I'm not sure working in parallel is always a good decision.
An anecdote: just the other day I've had to implement batching instead of concurrent parallel processing because PostgreSQL really hated me having thousands of concurrent transactions on the same table.
My particular workflow was essentially this - I get a batch (full state dump) with some products, and I need to update my `products` table to keep track of them (soft-deleting what had disappeared, inserting new, updating existing):
BEGIN;
-- Quickly load the batch into a temporary table
CREATE TEMPORARY TABLE products_tmp (LIKE products INCLUDING ALL) ON COMMIT DROP;
COPY products_tmp FROM STDIN;
-- Soft-delete products missing from the current batch
UPDATE products SET is_active = FALSE WHERE is_active AND store_id = ANY($1) AND id NOT IN (SELECT id FROM products_tmp WHERE store_id = ANY($1));
-- Upsert products from the current batch (add new, update existing)

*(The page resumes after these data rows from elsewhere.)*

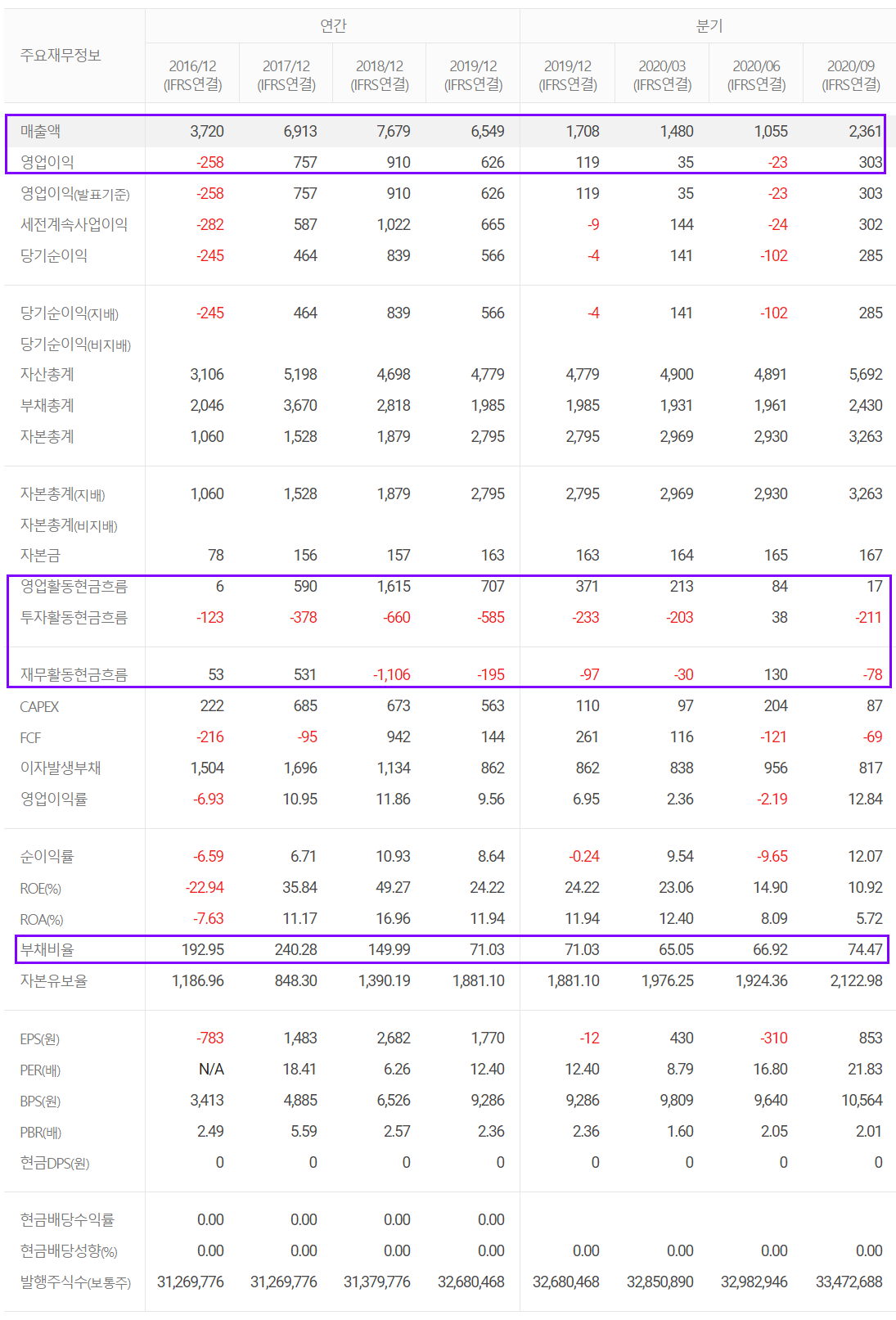 연매출은 2017년 부터 약 7,000억 원대를 유지하고 있으며, 창출된 현금으로 신규 설비의 증설 및 연구 개발에 대한 투자를 하고 있습니다. 부채비율도 2019년부터 양호한 모습을 보이고 있고, 현금성 자산도 2020년 3분기 말 현재 650억 원을 보유하여 안정적인 재무상태를 보이고 있습니다.
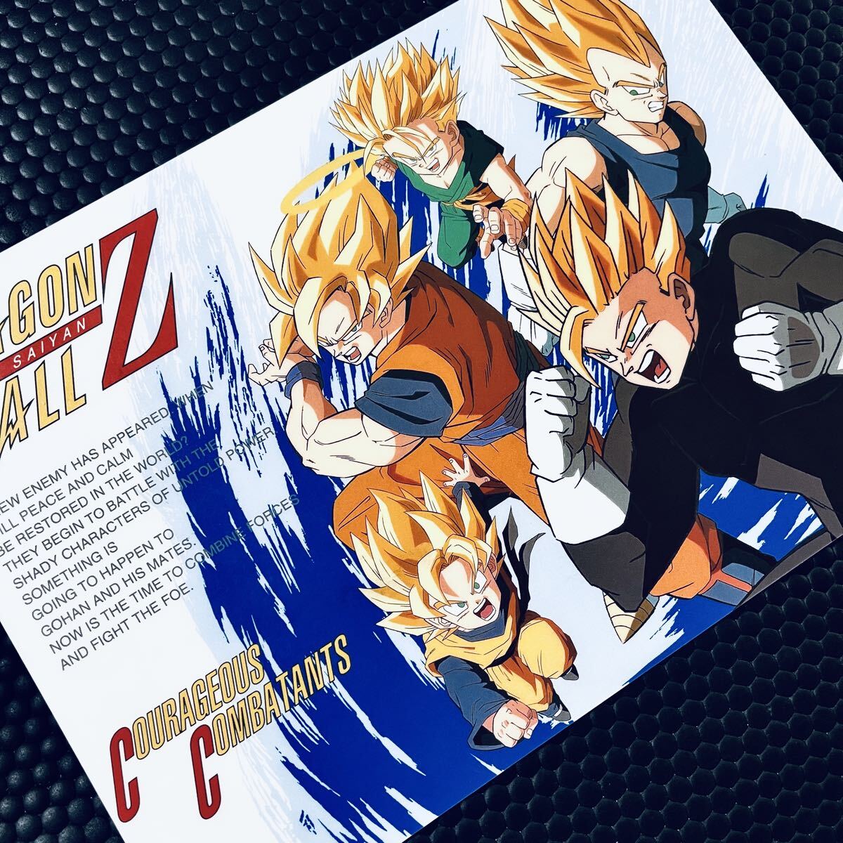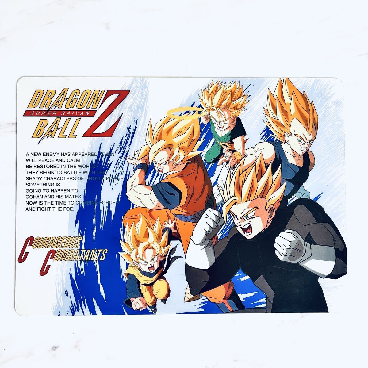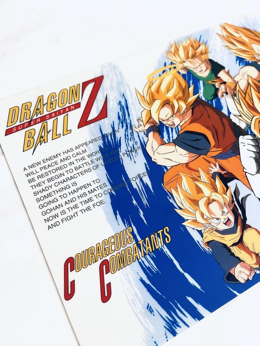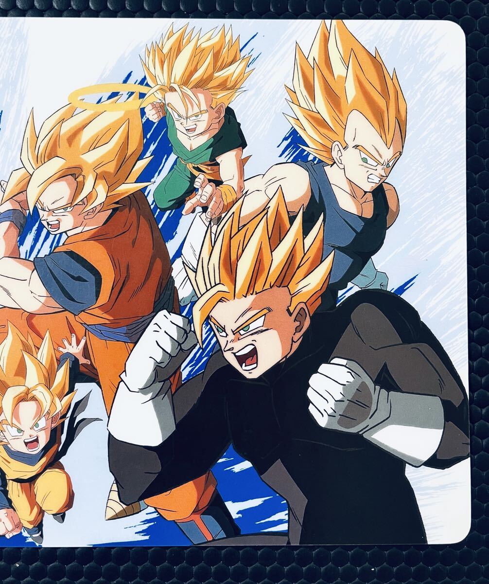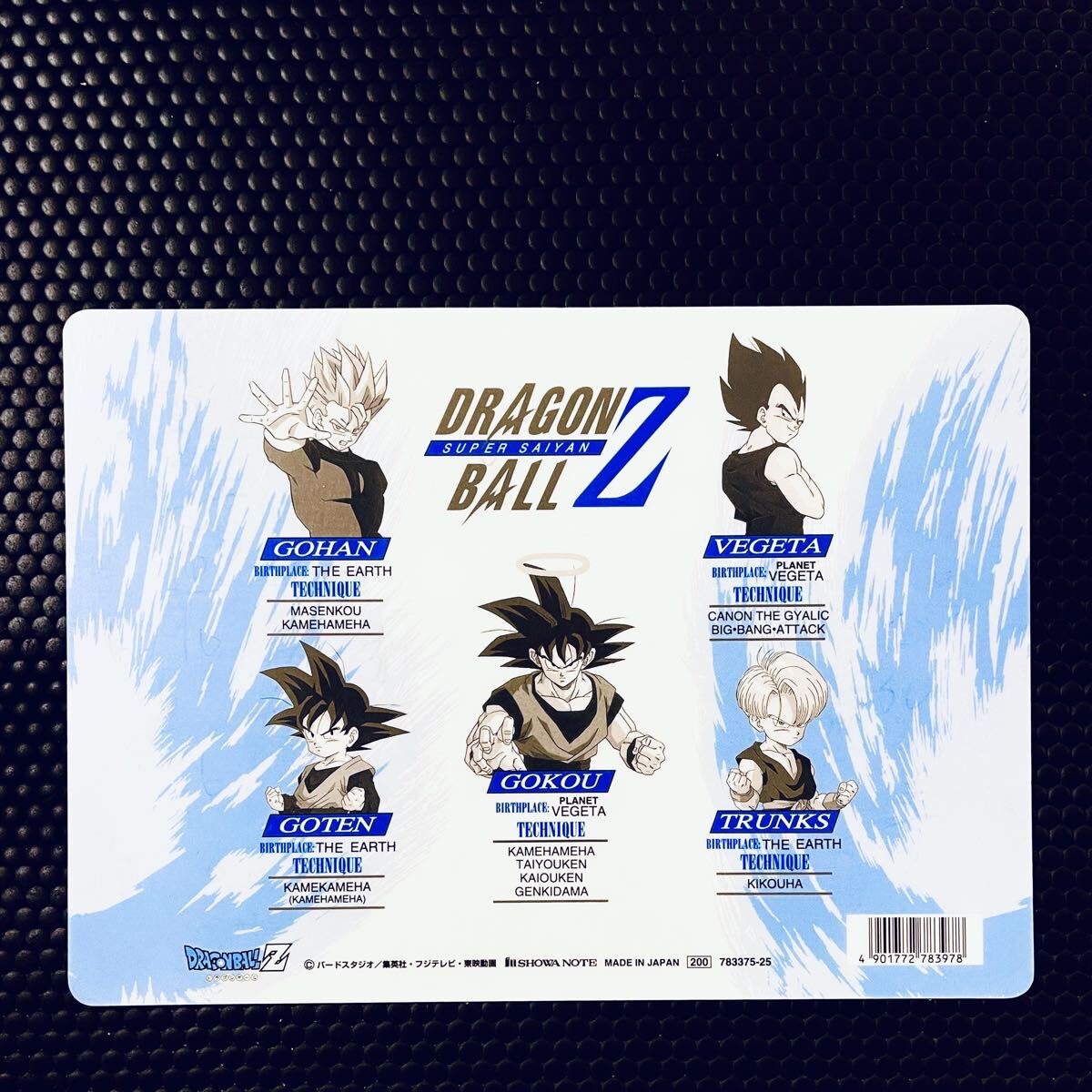 表はZ戦士の超サイヤ人姿、裏は悟空たち5人のデータが描かれた下敷き。
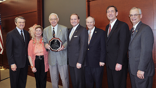 The Mississippi Board of Trustees of the State Institutions of Higher Learning recently held its diversity celebration by recognizing campus and community leaders for their impact on advancing diversity and encouraging understanding and respect. Training Coordinator and Adjunct Professor Emeritus Frank Davis, third from left, received the prestigious faculty honor for advancing opportunity and inclusion at Mississippi State University and in the local community. He is a member of the Department of Biochemistry, Molecular Biology, Entomology and Plant Pathology in MSU's Division of Agriculture, Forestry and Veterinary Medicine. Shown with Davis are, from left, Dr. Doug Rouse of Hattiesburg, recognition committee chair; Carole McReynolds Davis, wife of the honoree; MSU President Mark E. Keenum; IHL Board of Trustees President Ed Blakeslee; Greg Bohach, MSU Vice President of Agriculture, Forestry and Veterinary Medicine; and Jerry Gilbert, MSU Provost and Executive Vice President.
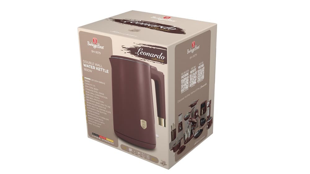 Uronite u bezvremensku eleganciju kuhala za vodu Berlinger Haus BH9579 Leonardo s dvostrukim zidom. Svojom mat bordo bojom i elegantnim dizajnom, ovo kuhalo za vodu prekrasan je dodatak svakoj kuhinjskoj radnoj površini, podižući vaše iskustvo kuhanja čaja na viši nivo svojom elegantnom estetikom.
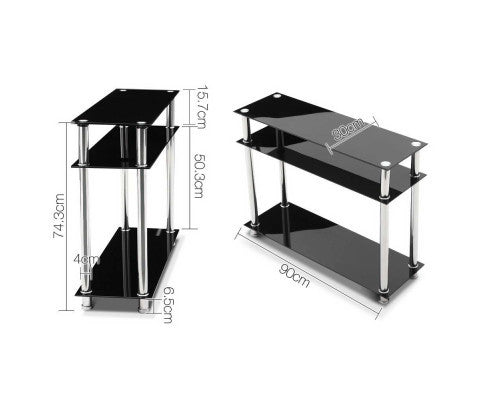 CAIRO 3-TIER GLASS CONSOLE TABLE - 750(H) x 900(W) x 300(D) - BLACK
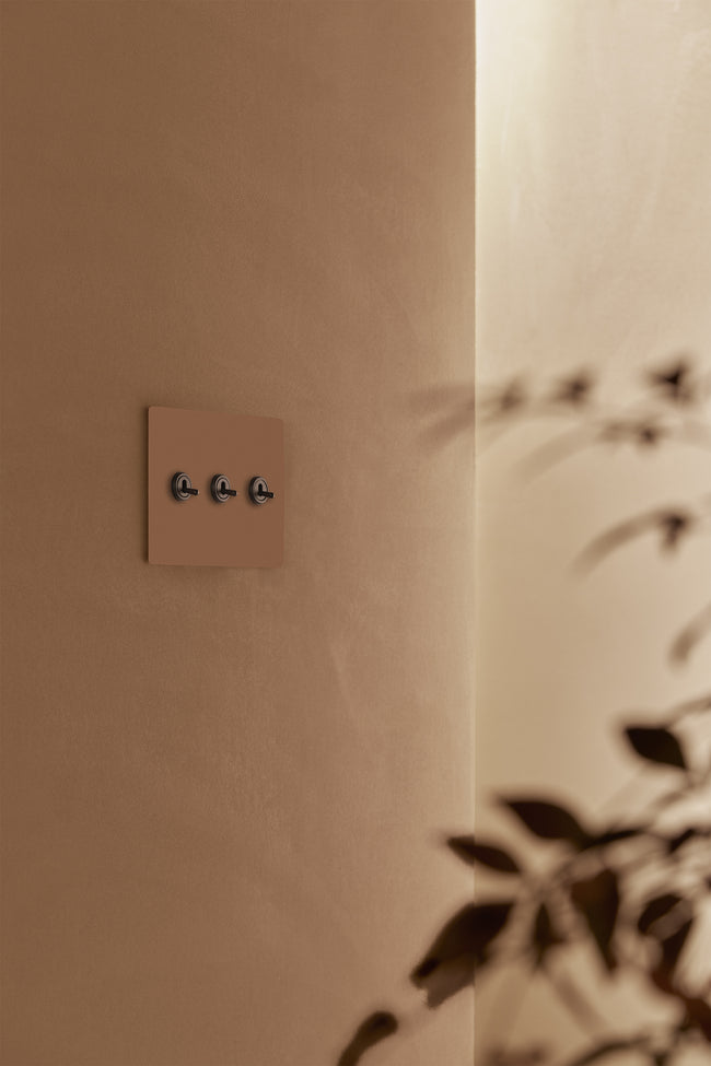 Our 3 gang three-way toggle switch is a modern take on the classic dolly design. We’ve crafted it to be as sleek and timeless as possible in any interior setting.

INSERT INTO products (...) SELECT ... FROM products_tmp ON CONFLICT (id) DO UPDATE SET ...;
COMMIT;
With just a few thousands of concurrent writers things started to look quite ugly, with constant serialization failures (I started at SERIALIZABLE, then downgraded to REPEATABLE READ, was reluctant to use READ COMMITTED) and deadlocks preventing me from performing some DDL (schema migrations) on the products table.
So I've started to batch those batches elsewhere and dump them at periodic intervals - and things started to look a lot better. Maybe that was a naive/bruteish approach and I should've done some parameter tweaking and/or fancy table partitioning or something else (idk) for congestion control instead, but at least it worked.